MATERIAL PROVIDED START

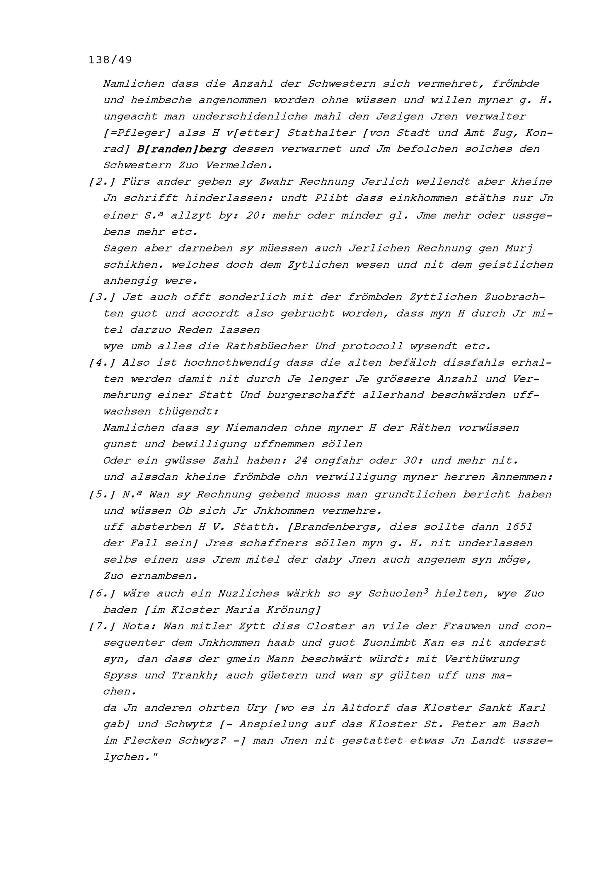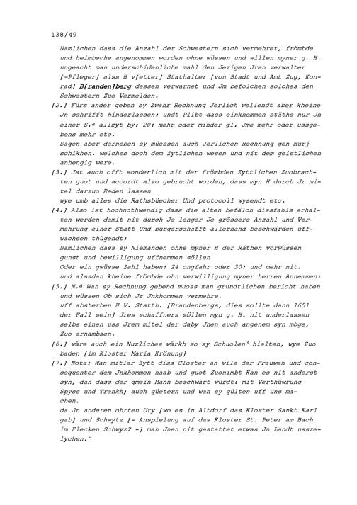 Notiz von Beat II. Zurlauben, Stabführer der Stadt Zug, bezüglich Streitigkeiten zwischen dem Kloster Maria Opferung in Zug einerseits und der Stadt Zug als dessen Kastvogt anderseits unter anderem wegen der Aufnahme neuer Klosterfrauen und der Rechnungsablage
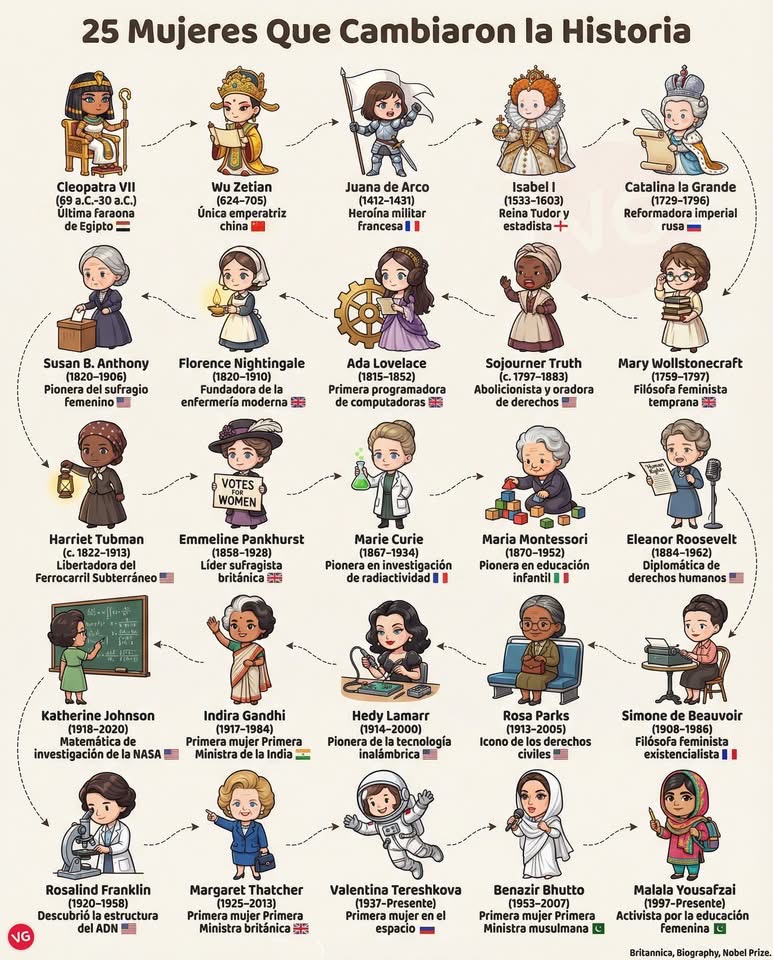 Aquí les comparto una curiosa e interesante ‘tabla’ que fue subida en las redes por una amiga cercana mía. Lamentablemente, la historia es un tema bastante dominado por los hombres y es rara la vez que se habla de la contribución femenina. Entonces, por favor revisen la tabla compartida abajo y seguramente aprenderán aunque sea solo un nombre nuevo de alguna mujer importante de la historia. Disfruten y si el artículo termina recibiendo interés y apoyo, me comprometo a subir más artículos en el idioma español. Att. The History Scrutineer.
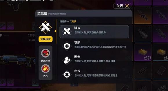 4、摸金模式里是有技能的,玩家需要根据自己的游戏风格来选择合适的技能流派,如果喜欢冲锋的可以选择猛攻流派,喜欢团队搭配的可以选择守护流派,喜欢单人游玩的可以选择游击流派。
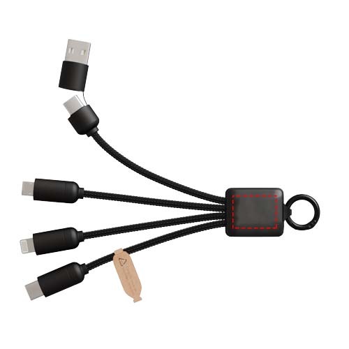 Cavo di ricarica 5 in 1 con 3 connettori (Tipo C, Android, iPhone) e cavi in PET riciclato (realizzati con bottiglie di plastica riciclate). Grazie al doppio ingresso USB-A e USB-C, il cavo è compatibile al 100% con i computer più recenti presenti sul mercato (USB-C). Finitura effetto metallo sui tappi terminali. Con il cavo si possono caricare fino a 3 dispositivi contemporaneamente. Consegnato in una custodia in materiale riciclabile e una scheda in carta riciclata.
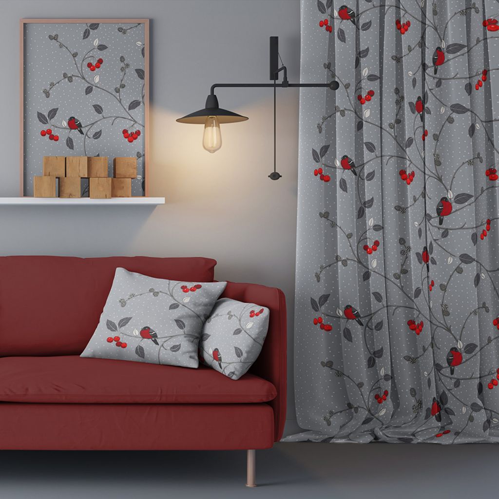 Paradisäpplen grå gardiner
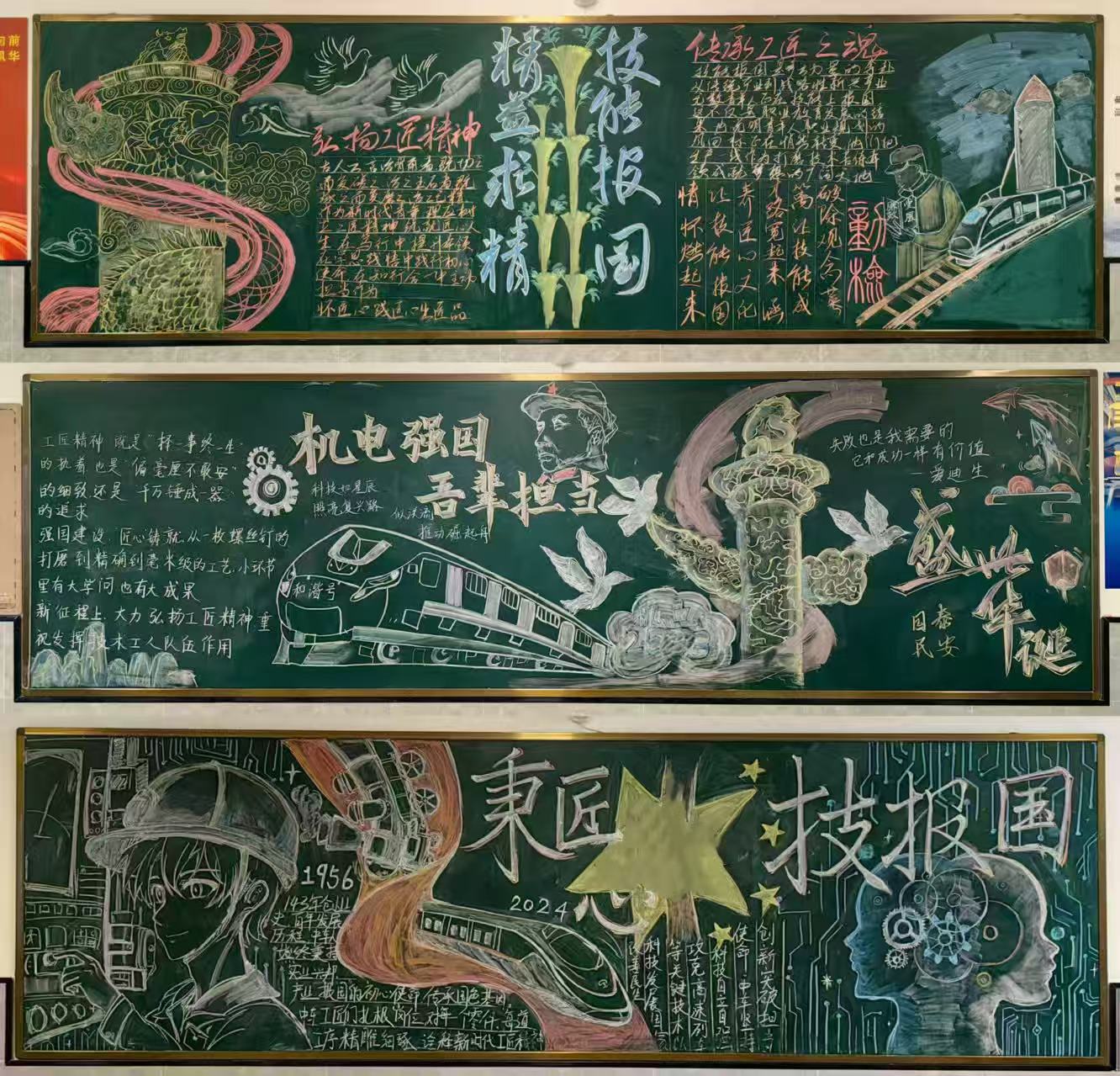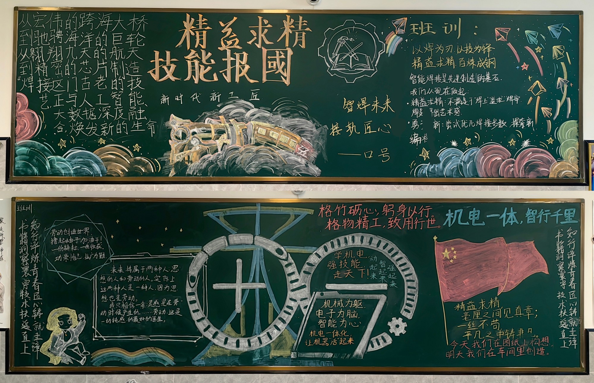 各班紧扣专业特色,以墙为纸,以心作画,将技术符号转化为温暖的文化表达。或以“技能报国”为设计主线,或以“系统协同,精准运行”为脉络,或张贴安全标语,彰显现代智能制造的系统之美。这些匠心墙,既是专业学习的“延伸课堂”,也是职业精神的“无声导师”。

MATERIAL PROVIDED END

From the line containing "Aquí les comparto" to the end of the data above, give those lines again verbatim, with both endpoints included and no images.

WRITTEN ANSWER
 Aquí les comparto una curiosa e interesante ‘tabla’ que fue subida en las redes por una amiga cercana mía. Lamentablemente, la historia es un tema bastante dominado por los hombres y es rara la vez que se habla de la contribución femenina. Entonces, por favor revisen la tabla compartida abajo y seguramente aprenderán aunque sea solo un nombre nuevo de alguna mujer importante de la historia. Disfruten y si el artículo termina recibiendo interés y apoyo, me comprometo a subir más artículos en el idioma español. Att. The History Scrutineer.
 4、摸金模式里是有技能的,玩家需要根据自己的游戏风格来选择合适的技能流派,如果喜欢冲锋的可以选择猛攻流派,喜欢团队搭配的可以选择守护流派,喜欢单人游玩的可以选择游击流派。
 Cavo di ricarica 5 in 1 con 3 connettori (Tipo C, Android, iPhone) e cavi in PET riciclato (realizzati con bottiglie di plastica riciclate). Grazie al doppio ingresso USB-A e USB-C, il cavo è compatibile al 100% con i computer più recenti presenti sul mercato (USB-C). Finitura effetto metallo sui tappi terminali. Con il cavo si possono caricare fino a 3 dispositivi contemporaneamente. Consegnato in una custodia in materiale riciclabile e una scheda in carta riciclata.
 Paradisäpplen grå gardiner
 各班紧扣专业特色,以墙为纸,以心作画,将技术符号转化为温暖的文化表达。或以“技能报国”为设计主线,或以“系统协同,精准运行”为脉络,或张贴安全标语,彰显现代智能制造的系统之美。这些匠心墙,既是专业学习的“延伸课堂”,也是职业精神的“无声导师”。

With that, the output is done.